## [INSTRUCTIONS FOR THE TASK]
The expected output is an exact restatement of all the records.

*** WORKING DATA ***

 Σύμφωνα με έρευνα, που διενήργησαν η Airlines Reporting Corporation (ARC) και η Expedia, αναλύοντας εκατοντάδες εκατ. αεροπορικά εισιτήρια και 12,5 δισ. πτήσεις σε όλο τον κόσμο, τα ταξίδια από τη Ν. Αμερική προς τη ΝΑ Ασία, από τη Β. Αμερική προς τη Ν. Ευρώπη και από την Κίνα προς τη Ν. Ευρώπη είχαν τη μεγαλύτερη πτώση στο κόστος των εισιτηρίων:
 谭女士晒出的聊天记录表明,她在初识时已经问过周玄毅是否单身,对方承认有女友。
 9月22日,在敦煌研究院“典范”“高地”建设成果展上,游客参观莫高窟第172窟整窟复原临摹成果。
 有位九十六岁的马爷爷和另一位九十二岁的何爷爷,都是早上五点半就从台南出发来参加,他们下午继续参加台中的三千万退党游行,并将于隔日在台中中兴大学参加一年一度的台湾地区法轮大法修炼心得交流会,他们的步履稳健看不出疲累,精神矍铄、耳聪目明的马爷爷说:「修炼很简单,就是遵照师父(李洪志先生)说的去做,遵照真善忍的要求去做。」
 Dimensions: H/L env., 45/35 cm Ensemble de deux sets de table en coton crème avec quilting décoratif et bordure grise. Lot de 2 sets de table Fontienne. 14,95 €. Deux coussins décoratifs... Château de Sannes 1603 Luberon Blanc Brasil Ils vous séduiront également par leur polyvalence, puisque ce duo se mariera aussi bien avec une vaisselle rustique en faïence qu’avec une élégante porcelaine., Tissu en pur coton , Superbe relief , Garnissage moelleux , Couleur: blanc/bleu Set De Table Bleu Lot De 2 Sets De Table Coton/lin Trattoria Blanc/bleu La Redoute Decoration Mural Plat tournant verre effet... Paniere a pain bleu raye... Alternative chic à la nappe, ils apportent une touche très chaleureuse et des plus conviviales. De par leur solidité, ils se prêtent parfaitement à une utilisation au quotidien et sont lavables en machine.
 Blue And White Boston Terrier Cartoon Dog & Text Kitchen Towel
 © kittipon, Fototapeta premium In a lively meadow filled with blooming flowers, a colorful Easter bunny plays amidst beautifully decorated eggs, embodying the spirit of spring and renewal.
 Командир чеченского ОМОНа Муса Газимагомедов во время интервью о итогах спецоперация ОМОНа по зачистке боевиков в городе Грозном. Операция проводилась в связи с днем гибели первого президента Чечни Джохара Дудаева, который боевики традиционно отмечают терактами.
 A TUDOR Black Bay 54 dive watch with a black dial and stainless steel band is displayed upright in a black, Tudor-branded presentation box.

*** End of WORKING DATA ***

## [SOLUTION]
 Σύμφωνα με έρευνα, που διενήργησαν η Airlines Reporting Corporation (ARC) και η Expedia, αναλύοντας εκατοντάδες εκατ. αεροπορικά εισιτήρια και 12,5 δισ. πτήσεις σε όλο τον κόσμο, τα ταξίδια από τη Ν. Αμερική προς τη ΝΑ Ασία, από τη Β. Αμερική προς τη Ν. Ευρώπη και από την Κίνα προς τη Ν. Ευρώπη είχαν τη μεγαλύτερη πτώση στο κόστος των εισιτηρίων:
 谭女士晒出的聊天记录表明,她在初识时已经问过周玄毅是否单身,对方承认有女友。
 9月22日,在敦煌研究院“典范”“高地”建设成果展上,游客参观莫高窟第172窟整窟复原临摹成果。
 有位九十六岁的马爷爷和另一位九十二岁的何爷爷,都是早上五点半就从台南出发来参加,他们下午继续参加台中的三千万退党游行,并将于隔日在台中中兴大学参加一年一度的台湾地区法轮大法修炼心得交流会,他们的步履稳健看不出疲累,精神矍铄、耳聪目明的马爷爷说:「修炼很简单,就是遵照师父(李洪志先生)说的去做,遵照真善忍的要求去做。」
 Dimensions: H/L env., 45/35 cm Ensemble de deux sets de table en coton crème avec quilting décoratif et bordure grise. Lot de 2 sets de table Fontienne. 14,95 €. Deux coussins décoratifs... Château de Sannes 1603 Luberon Blanc Brasil Ils vous séduiront également par leur polyvalence, puisque ce duo se mariera aussi bien avec une vaisselle rustique en faïence qu’avec une élégante porcelaine., Tissu en pur coton , Superbe relief , Garnissage moelleux , Couleur: blanc/bleu Set De Table Bleu Lot De 2 Sets De Table Coton/lin Trattoria Blanc/bleu La Redoute Decoration Mural Plat tournant verre effet... Paniere a pain bleu raye... Alternative chic à la nappe, ils apportent une touche très chaleureuse et des plus conviviales. De par leur solidité, ils se prêtent parfaitement à une utilisation au quotidien et sont lavables en machine.
 Blue And White Boston Terrier Cartoon Dog & Text Kitchen Towel
 © kittipon, Fototapeta premium In a lively meadow filled with blooming flowers, a colorful Easter bunny plays amidst beautifully decorated eggs, embodying the spirit of spring and renewal.
 Командир чеченского ОМОНа Муса Газимагомедов во время интервью о итогах спецоперация ОМОНа по зачистке боевиков в городе Грозном. Операция проводилась в связи с днем гибели первого президента Чечни Джохара Дудаева, который боевики традиционно отмечают терактами.
 A TUDOR Black Bay 54 dive watch with a black dial and stainless steel band is displayed upright in a black, Tudor-branded presentation box.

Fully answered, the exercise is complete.